Read original: arXiv:2310.19453 - Published 5/8/2024 by Hangyu Wang, Jianghao Lin, Xiangyang Li, Bo Chen, Chenxu Zhu, Ruiming Tang, Weinan Zhang, Yong Yu

💬

Overview

Click-through rate (CTR) prediction is a crucial function in personalized online services.
Traditional ID-based models use one-hot encoded ID features, capturing collaborative signals through feature interaction modeling.
However, one-hot encoding discards semantic information from the original feature texts.
Pretrained Language Models (PLMs) can extract semantic knowledge from textual input, but they ignore field-wise collaborative signals.
These two approaches focus on different characteristics of the input data, forming a complementary relationship.

Plain English Explanation

The paper presents a novel approach called FLIP (Fine-grained feature-level ALignment between ID-based Models and Pretrained Language Models) for improving click-through rate (CTR) prediction in personalized online services. Traditional ID-based models for CTR prediction use one-hot encoded IDs as input, which can capture collaborative signals through feature interaction modeling. However, this approach discards the semantic information contained in the original feature texts. On the other hand, the emergence of Pretrained Language Models (PLMs) has led to a different approach, where the input is the textual content obtained through hard prompt templates, and the PLM is used to extract the semantic knowledge.

The key idea behind FLIP is to establish a fine-grained feature-level alignment between the ID-based models and the PLMs. This is achieved through a novel joint reconstruction pretraining task, where the masked data of one modality (tokens or features) has to be recovered with the help of the other modality. This process helps to extract mutual information between the dual modalities and establish feature-level interaction and alignment.
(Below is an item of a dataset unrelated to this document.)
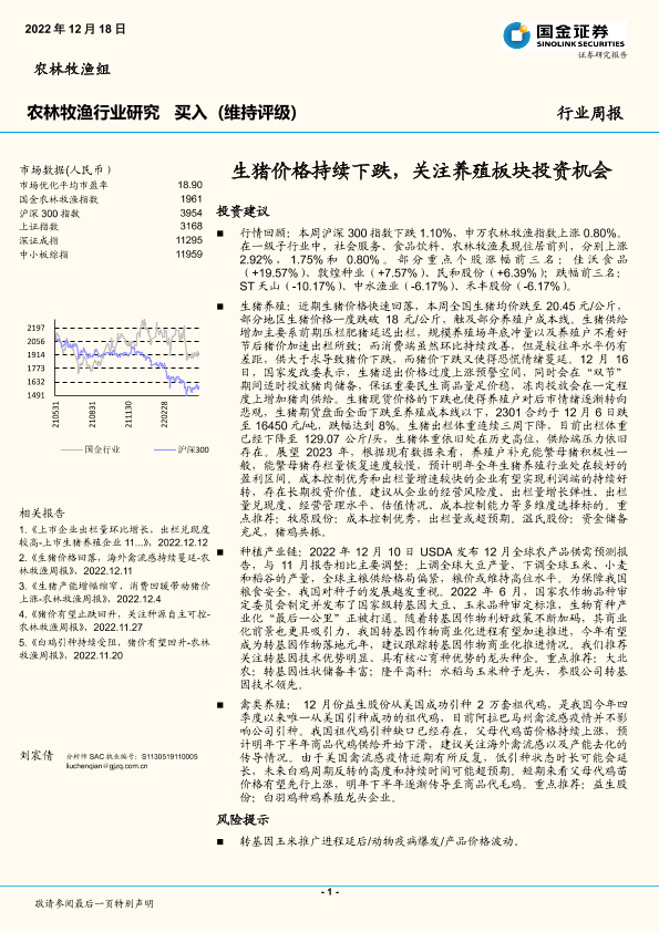 【国金证券】【20221218】20221218-国金证券-农林牧渔行业研究:生猪价格持续下跌,关注养殖板块投资机会-17页

Furthermore, the authors propose to jointly fine-tune the ID-based model and the PLM for the downstream CTR prediction tasks, combining the advantages of both models.

Technical Explanation

The paper proposes the FLIP (Fine-grained feature-level ALignment between ID-based Models and Pretrained Language Models) approach for CTR prediction. FLIP aims to bridge the gap between the traditional ID-based models and the emerging PLM-based models, which focus on different characteristics of the input data.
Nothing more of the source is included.